For logistical reasons, not all of the gas can be captured and transported. Common industry practice is to burn the extra gas. Called “flaring” in industry parlance, the practice is very bad for the environment.
Even worse is the release of methane: As Scientific American put it, “while CO2 persists in the atmosphere for centuries, or even millennia, methane warms the planet on steroids for a decade or two before decaying to CO2.”
Crusoe is able to use the excess gas in a process it calls digital flare mitigation. The startup has built dozens of mobile data centers that are placed onto oilfield sites where flaring takes place.
When selecting new sites, Crusoe makes sure it’s not creating new demand for gas. Typically, the startup takes on projects where gas is a byproduct of an existing oil well operation.

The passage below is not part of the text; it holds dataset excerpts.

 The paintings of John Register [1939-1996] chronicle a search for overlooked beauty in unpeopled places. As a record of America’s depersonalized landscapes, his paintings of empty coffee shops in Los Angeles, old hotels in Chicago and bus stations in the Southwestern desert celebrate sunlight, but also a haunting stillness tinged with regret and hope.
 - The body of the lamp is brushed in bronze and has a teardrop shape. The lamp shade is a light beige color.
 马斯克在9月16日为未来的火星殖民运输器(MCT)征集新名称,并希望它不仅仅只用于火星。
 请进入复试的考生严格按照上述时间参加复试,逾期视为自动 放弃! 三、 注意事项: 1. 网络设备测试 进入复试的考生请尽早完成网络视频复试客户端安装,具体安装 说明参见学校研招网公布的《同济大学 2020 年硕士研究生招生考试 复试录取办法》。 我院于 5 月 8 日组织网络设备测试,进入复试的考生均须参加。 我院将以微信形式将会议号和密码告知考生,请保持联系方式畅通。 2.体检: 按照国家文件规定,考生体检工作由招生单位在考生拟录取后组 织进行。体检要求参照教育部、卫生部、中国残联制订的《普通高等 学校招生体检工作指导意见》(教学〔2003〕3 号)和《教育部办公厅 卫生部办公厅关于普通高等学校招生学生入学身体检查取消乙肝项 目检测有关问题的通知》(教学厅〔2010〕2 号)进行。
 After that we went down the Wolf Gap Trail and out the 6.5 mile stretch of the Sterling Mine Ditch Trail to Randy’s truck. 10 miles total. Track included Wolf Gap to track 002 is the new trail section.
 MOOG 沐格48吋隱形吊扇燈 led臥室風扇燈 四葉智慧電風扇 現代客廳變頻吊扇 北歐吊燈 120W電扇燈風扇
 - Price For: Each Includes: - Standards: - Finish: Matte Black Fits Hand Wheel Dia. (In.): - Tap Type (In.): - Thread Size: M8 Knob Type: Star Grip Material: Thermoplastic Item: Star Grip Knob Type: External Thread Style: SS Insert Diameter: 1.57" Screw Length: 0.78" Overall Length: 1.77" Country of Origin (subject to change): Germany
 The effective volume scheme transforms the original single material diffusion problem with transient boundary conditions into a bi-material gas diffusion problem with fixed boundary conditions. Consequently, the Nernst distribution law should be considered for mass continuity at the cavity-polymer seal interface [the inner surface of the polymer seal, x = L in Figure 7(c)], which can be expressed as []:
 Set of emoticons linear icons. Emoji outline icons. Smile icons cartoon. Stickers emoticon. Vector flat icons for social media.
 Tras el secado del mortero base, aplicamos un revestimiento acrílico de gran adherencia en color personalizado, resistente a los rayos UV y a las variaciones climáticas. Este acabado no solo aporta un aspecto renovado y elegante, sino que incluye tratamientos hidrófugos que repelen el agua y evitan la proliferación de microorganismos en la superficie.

[Bitcoin] has two key attributes that can help transition the world to cleaner energy:
Distributed operation: Bitcoin mining is highly distributed. [...]

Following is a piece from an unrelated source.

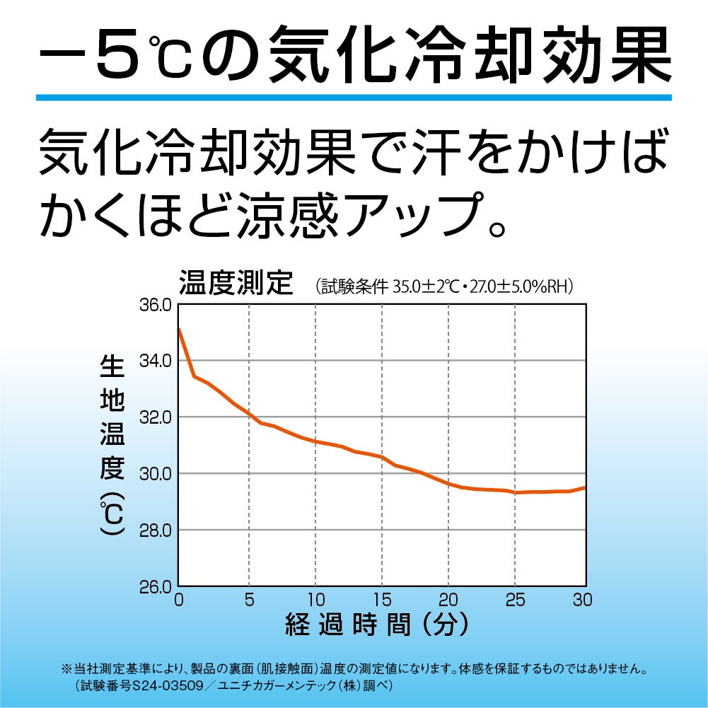 -5°の気化冷却効果で汗をかけばかくほど涼感アップ。プールや海、アウトドアでもしっかり紫外線ケア。劣化しにくい塩素対応糸を採用。

Interruptible workload: Mining operations can turn on and off at a moment's notice, which helps to stabilize energy grids. [...]
“Few industrial use cases can use lots of energy like Bitcoin and shut down in 5 minutes. You can’t do that for an aluminum smelting plant.”
Deployed properly, Bitcoin mining operations could also conceivably subsidize the build-out of renewable energy sources.